В сиротской песне - тоска в лицо,
на грани срыва - так на баяне,
а на гитаре - так с хрипотцой.
Чтоб отвязалась, платить цыганке,
чтоб не врала - заплатишь рупь.
А на Таганке, а на Таганке
с гримасой смеха шуты орут.
Гремят суровые колокольни
погромче светского суда.
По сердцу билом, и бьётся "помни!",
и дальше, дальше... Зачем сюда?
Здесь Белый в обморок падал - сильный,
а я же больше удивлена:
в дубовой бочке от керосина
пылает Фаня - черным-черна.
А не препятствуй вождю террора,
огарыш света! Светило - он.
Не для того звала Аврора,
гром пролетарский со всех сторон...
Замоскворецкий двор.

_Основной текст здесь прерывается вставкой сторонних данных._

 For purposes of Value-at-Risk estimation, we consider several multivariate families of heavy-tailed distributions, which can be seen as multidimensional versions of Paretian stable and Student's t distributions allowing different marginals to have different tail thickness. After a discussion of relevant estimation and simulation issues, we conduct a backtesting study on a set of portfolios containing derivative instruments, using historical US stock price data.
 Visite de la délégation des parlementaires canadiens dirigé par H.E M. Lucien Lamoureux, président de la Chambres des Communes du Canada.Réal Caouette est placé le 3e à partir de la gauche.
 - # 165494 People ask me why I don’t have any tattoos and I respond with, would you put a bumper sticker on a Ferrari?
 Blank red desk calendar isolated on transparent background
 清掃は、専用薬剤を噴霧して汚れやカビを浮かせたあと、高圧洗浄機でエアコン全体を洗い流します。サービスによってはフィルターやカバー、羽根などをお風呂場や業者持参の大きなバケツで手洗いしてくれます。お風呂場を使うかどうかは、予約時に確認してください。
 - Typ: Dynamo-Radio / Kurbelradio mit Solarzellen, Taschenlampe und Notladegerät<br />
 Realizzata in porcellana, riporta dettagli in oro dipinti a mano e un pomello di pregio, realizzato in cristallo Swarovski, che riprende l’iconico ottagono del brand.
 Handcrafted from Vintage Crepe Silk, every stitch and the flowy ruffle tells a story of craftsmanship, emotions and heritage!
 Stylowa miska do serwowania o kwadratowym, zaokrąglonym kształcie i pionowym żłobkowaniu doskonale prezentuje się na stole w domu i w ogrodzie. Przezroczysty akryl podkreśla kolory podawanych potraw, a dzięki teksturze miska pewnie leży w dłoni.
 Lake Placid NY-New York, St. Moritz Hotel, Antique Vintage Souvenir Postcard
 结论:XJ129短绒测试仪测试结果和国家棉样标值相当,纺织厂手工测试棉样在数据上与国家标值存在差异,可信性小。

Кто-то бахнул
трубой курчавого паренька.
Он шапку отдал, пальто, рубаху,
но тубу... Выстрелы, кровь, река -
Москва... Ах сколько воспето в ямбе,
величья гимны в твоей судьбе!..
Но скрипки плачут с оркестром в яме,
слезу убитых несём в себе.
В крови Россия. И плакал Врангель,
когда не пели "царя храни",
и с неба падал последний ангел,
и Бога свергли серпом за миг.
Смотрю на горе, но во спасенье,
слова, как с кровью отцов, детей:
"Господь, всечасно (не в воскресенье)
плачь над Москвою и всех жалей!"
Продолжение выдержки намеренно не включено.